Rosanne Cash's Mythic Southern Road Trip

Let's take a musical road trip through the American South. Think of yourself crowded into the back of the car, next to the guitar case. The driver is Rosanne Cash, whose new album was inspired by her Southern travels in the Mississippi Valley.

The album is called The River & the Thread. The travels that produced it began when Rosanne Cash visited the Arkansas home where her father, Johnny Cash, grew up during the Great Depression.

" It was part of a New Deal-era project, built in 1935: 500 cottages, with 40 acres and a mule to each cottage," she tells NPR's Steve Inskeep. "And the Cash family was desperately poor to save their life."

Rosanne Cash traveled beyond her father's boyhood home, to Nashville and to Florence, Ala. In a single short drive in Mississippi, she encountered the grave of bluesman Robert Johnson, the place where Emmett Till was murdered during the civil rights era, and the Tallahatchie Bridge, which inspired a legendary song.

Cash, who was born in Memphis, says she finds the mythic quality of the South consuming. That's part of the reason why she has experienced it mostly as a visitor rather than a resident.

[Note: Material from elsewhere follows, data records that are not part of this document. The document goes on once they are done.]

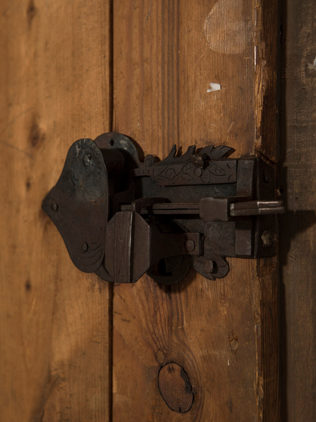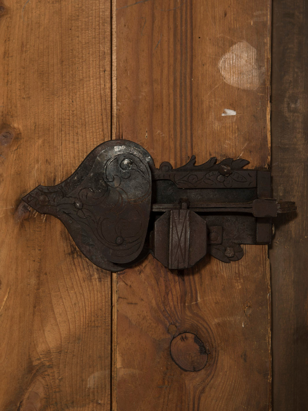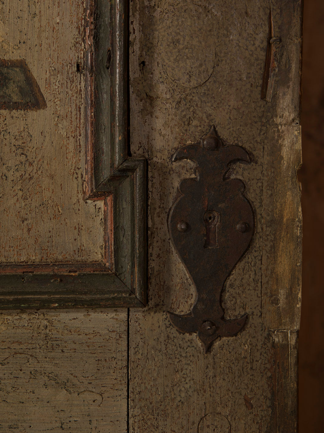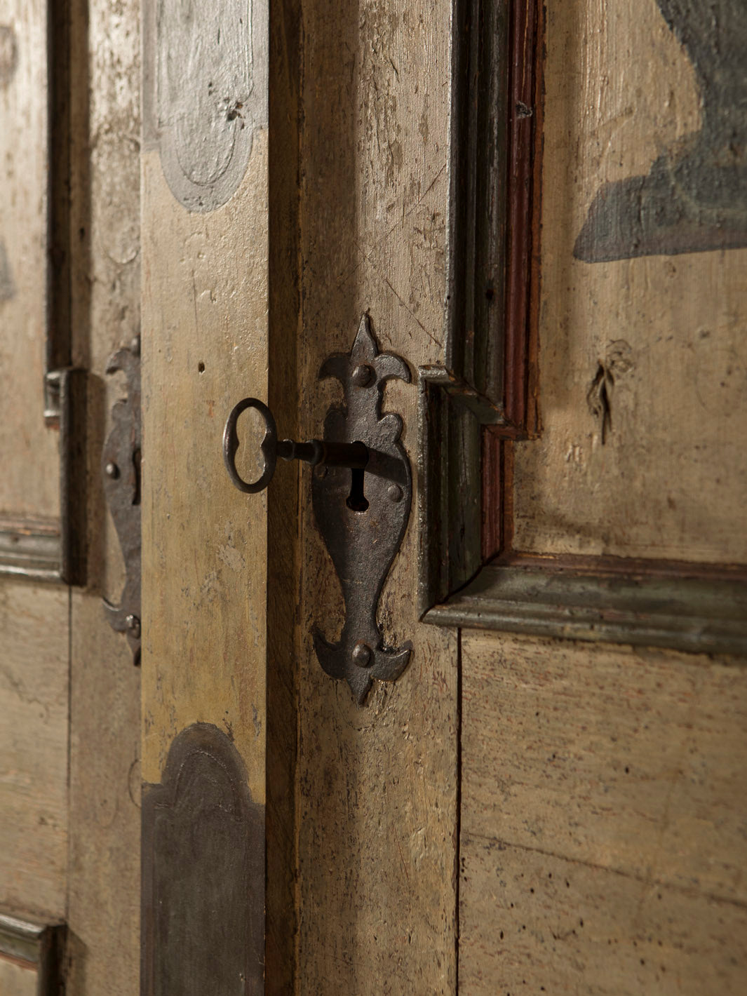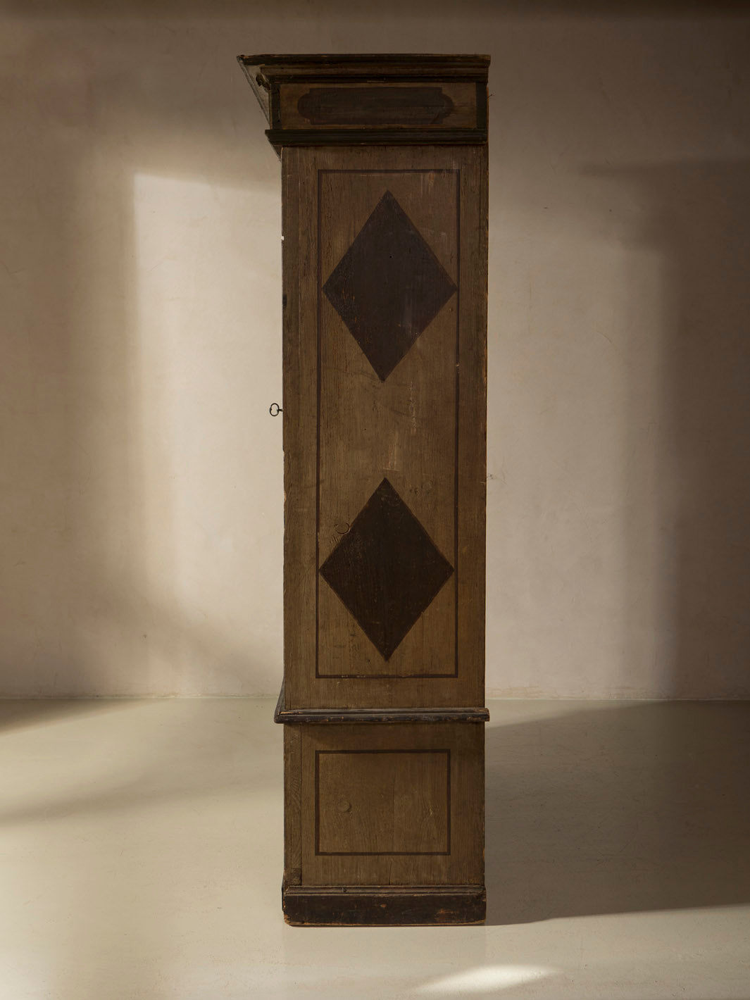 Armario Alsaciano trabajado en madera de abeto patinada original del siglo XIX. Ornamentación floral y geométrica pintada a mano.
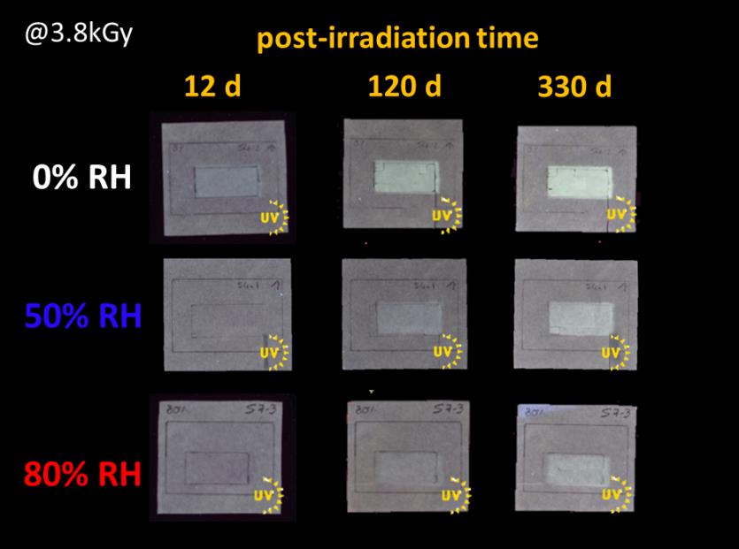 Un comportement différencié sous faisceau en rapport avec l’humidité contenue dans le papier a été mis en évidence. Les changements les plus importants en termes de luminescence sous UV (figure 1) et de dépolymérisation (figure 2) ont été mesurés pour les échantillons de papier les moins humides, c’est à dire ceux irradiés à 0% d’humidité relative (HR). Une des conclusions de la recherche est donc qu’il est important de veiller à ne pas laisser le matériau se dessécher durant l’analyse SR-X.
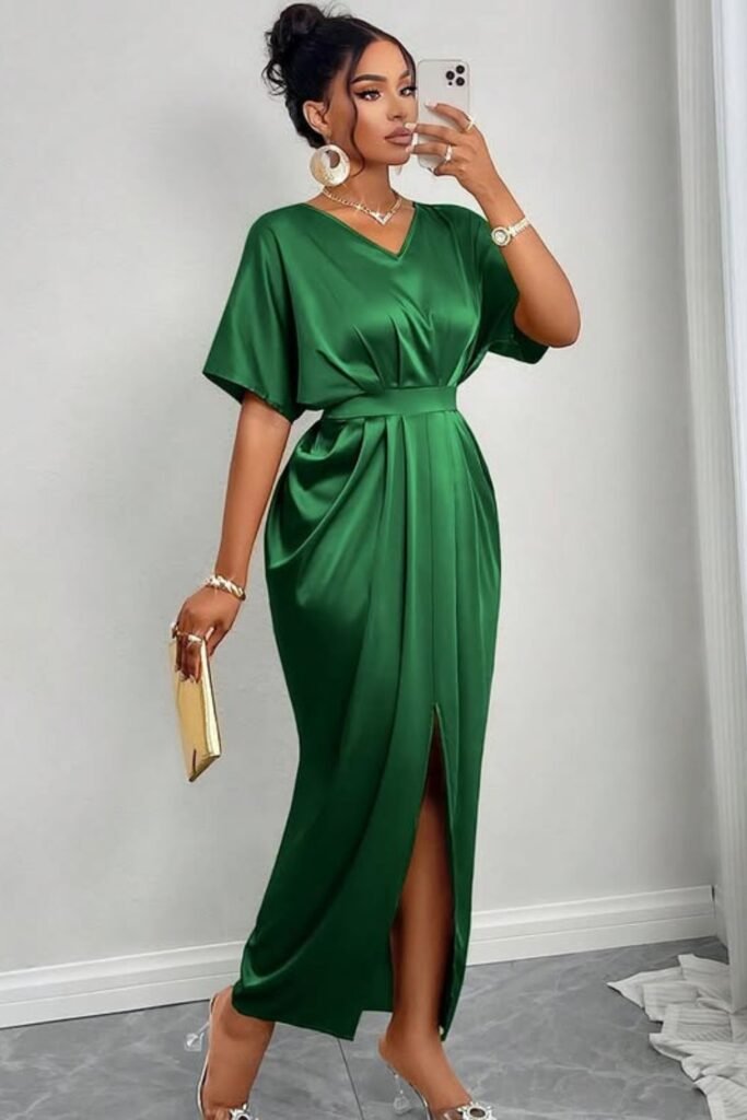 A draped satin emerald midi dress is perfect for evening celebrations, formal dinners, and indoor garden weddings where bright colors look great in dim light.
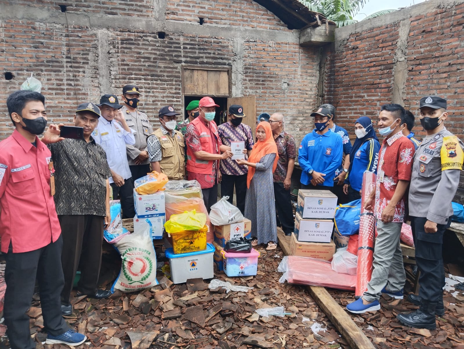 Wedung – Kamis tanggal 10 Maret 2022 jam 10.00 bertempat di Desa Mutih Kulon Kecamatan Wedung, disalurkanya Bantuan Sembako dari Dinas Sosial P2PA, PMI, BPBD dan BAZNAS, bantuan ini ditujukan untuk Bapak Sugijo korban rumah roboh yang diakibatkan Hujan Deras dan angin yang terjadi pada hari Senin, 07 Maret 2022, yang mengakibatkan kerugian kurang lebih Rp.20.000.000, penyerahan bantuan ini dihadiri oleh Sekcam Kecamatan Wedung, Kasi Kesra Kecamatan Wedung, Babinsa, Babhinkaptibnas, Kepala Desa Mutih Kulon, TKSK Wedung dan anggota Tagana Desa Mutih Kulon. Sehingga dengan diberikanya bantuan Rumah Roboh ini bisa meringankan beban korban dan Keluarga
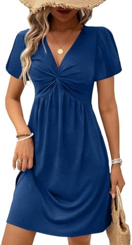 Acelitt Womens Casual Summer Twist Front V Neck Short Sleeve Mini Dress, S-XXL
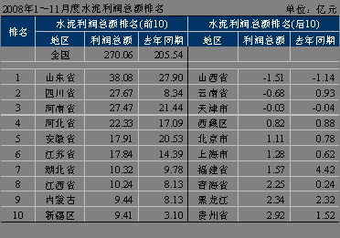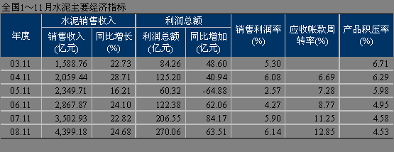 1~11月,全國水泥利潤總額創歷史新高,達到270.06億元,超出2007年同期64.52億元,同比增長31.39%,大大高于銷售收入漲幅,產業盈利繼續向好。

"The things you push away the hardest when you're young, you end up embracing when you get older," she says. "I just thought it was too claustrophobic; I had to get away. Now, seeing the richness of it, the beauty, the connectedness, you know, it's amazing. It moves me to tears when I think about it. And the fact that these songs came from it — it's been the greatest gift of my life, besides my children."